The Japanese Thirty-third Army, led by Lieutenant General Masaki Honda, defended Northern Burma against attacks from both Northern India and the Chinese province of Yunnan. The Japanese 18th Division faced the American and Chinese forces advancing south from Myitkyina and Mogaung which the British had secured in 1944, and the Japanese 56th Division faced the large Chinese Yunnan armies led by Wei Lihuang.

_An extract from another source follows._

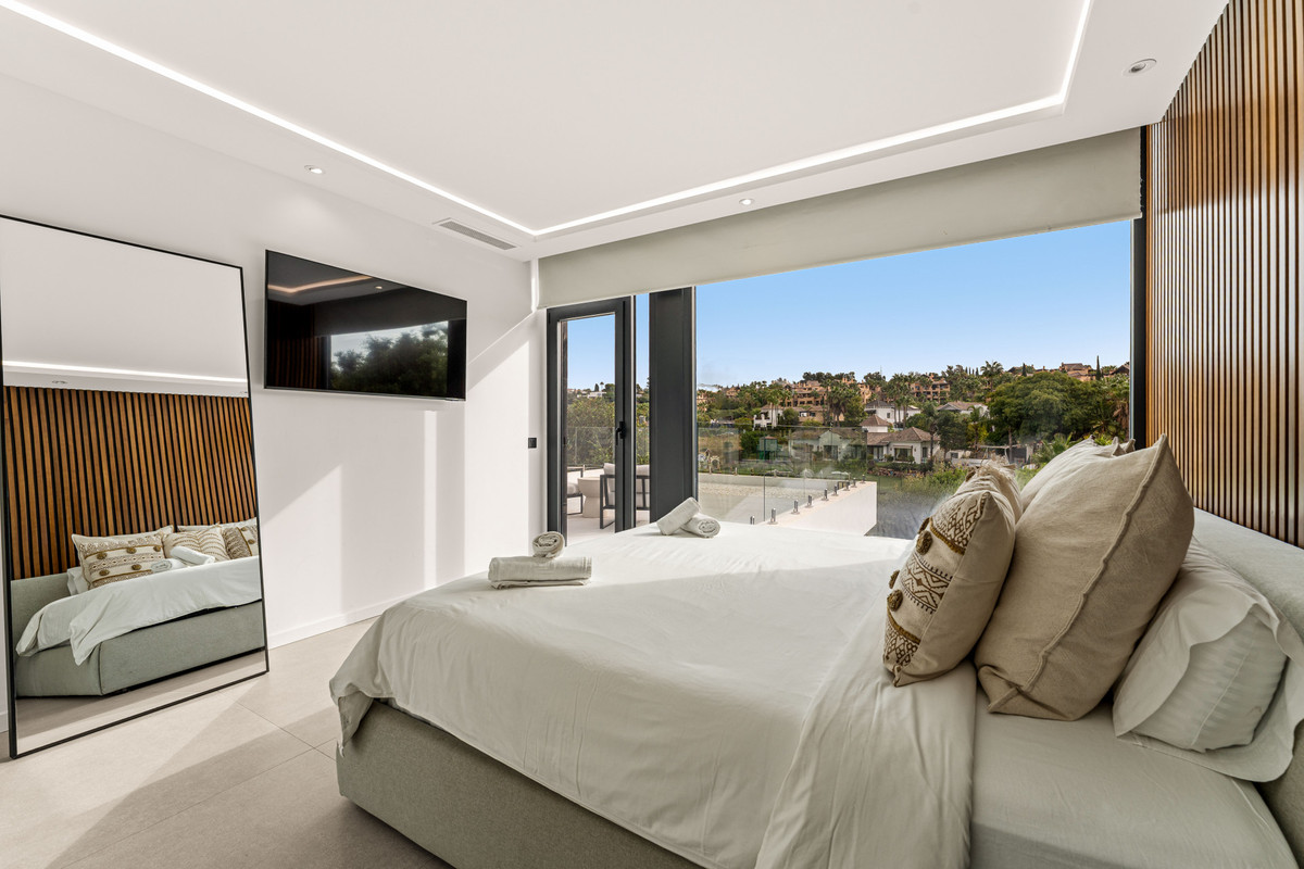 Priced at €1790000 : Contemporary masterpiece that perfectly balances architectural sophistication with practical design, located in El Paraiso. Completed in 2023, this modern villa showcases the vision of a renowned architect who excels in blending elegance with functionality. Surrounded by the tranquility of a golf course backdrop, the property offers a lifestyle that combines comfort, privacy, and refined Mediterranean living. The home features five spacious bedrooms, four of them en suite, along with three additional bathrooms and a guest toilet. Interiors highlight a minimalist yet warm aesthetic, enhanced by high-quality finishes and carefully selected furnishings. At the heart of the villa is an open-plan kitchen and living area. The kitchen, equipped with premium Miele appliances, reflects innovation and quality, while the living space extends seamlessly to a terrace with views of the lush fairways. This integration of indoor and outdoor spaces makes the villa ideal for relaxed family living as well as larger gatherings. On the first floor, the master bedroom offers a private retreat with an en suite bathroom and access to a terrace overlooking the golf course, creating a perfect spot for morning coffee or evening relaxation. Another en suite bedroom is also located on this level, with direct access to the terrace and its serene views. The basement expands the lifestyle offering of the property with a dedicated cinema room, a guest suite, and two additional bedrooms sharing a bathroom, ensuring plenty of space for family and visitors alike. Outdoor living is equally impressive. A saltwater swimming pool, pre-installed for heating, merges visually with the golf course, creating a seamless horizon of green and blue. A fully fitted outdoor kitchen and BBQ area make entertaining effortless, while the expansive terrace provides the perfect stage for al fresco dining. The villa's south-facing orientation ensures light-filled interiors and sunny terraces throughout the year. Modern technology enhances the practicality of the home. Electric blinds, double-glazed windows, an advanced alarm system, and a smart home setup provide both comfort and security. An automatic irrigation system maintains the landscaped gardens, allowing residents to focus on enjoying their surroundings. The Villa's location is as appealing as its design. Within five minutes' drive are local shops, and in just 10 minutes residents can reach excellent international schools and some of Estepona's finest beaches. The nearby neighborhood of El Ingenio adds further charm, with a mix of Andalusian-style villas and modern apartments surrounded by greenery. The area offers a peaceful atmosphere yet remains close to the vibrant amenities of Marbella and Puerto Banús. Lifestyle opportunities abound. Golfers will appreciate the proximity to prestigious courses such as Aloha Golf Club and Las Brisas in Nueva Andalucía's famed Golf Valley. Fitness enthusiasts can enjoy nearby wellness facilities, including Real Club Pádel Marbella. Dining options are plentiful, ranging from the stylish Magna Café and Mosh Kitchen to local tapas bars and cafés. Shopping is equally convenient, with Centro Plaza and the bustling Saturday market at Plaza de Toros just a short drive away. Families benefit from proximity to highly regarded schools such as Aloha College and Laude San Pedro International College, while excellent transport links via the A-7 motorway and local bus services ensure easy connectivity to Marbella, Estepona, and Málaga Airport. This is more than a property—it is an opportunity to embrace a sophisticated lifestyle in one of the Costa del Sol's most desirable settings. Whether as a permanent residence or a luxurious holiday retreat, this villa combines striking architecture, high-end amenities, and a prime location to create a home where every day feels exceptional.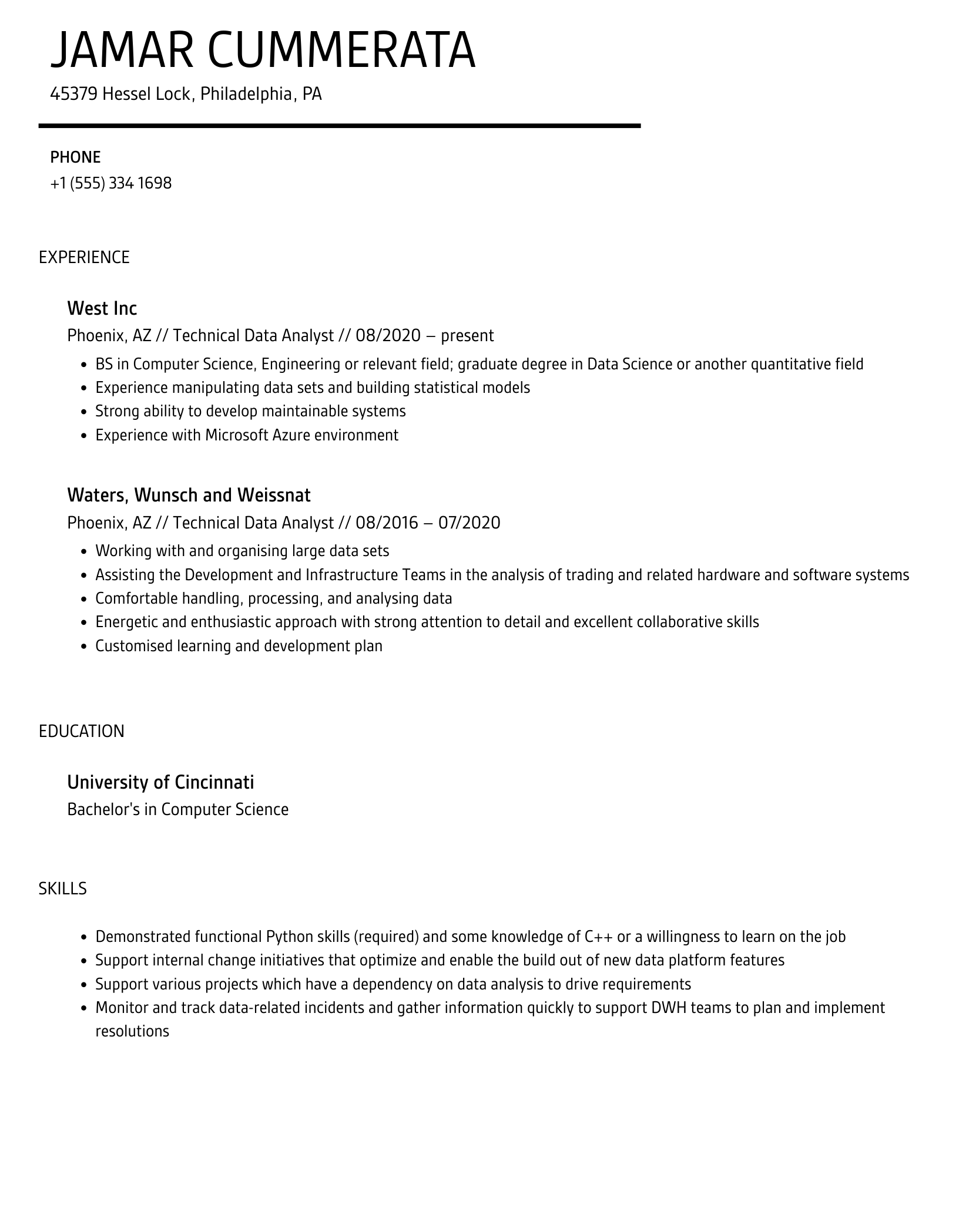 Guide the recruiter to the conclusion that you are the best candidate for the technical data analyst job. It’s actually very simple. Tailor your resume by picking relevant responsibilities from the examples below and then add your accomplishments. This way, you can position yourself in the best way to get hired.

Although Thirty-third Army had been forced to relinquish most of the reinforcements it had received the previous year, the operations of the American-led Northern Combat Area Command under Lieutenant General Daniel Isom Sultan were limited from late 1944 onwards as many of its troops were withdrawn by air to face Japanese attacks in China. In Operation Grubworm, the Chinese 14th and 22nd Divisions were flown via Myitkyina to defend the airfields around Kunming, vital to the airlift of aid to China, nicknamed The Hump. Nevertheless, the command resumed its advance.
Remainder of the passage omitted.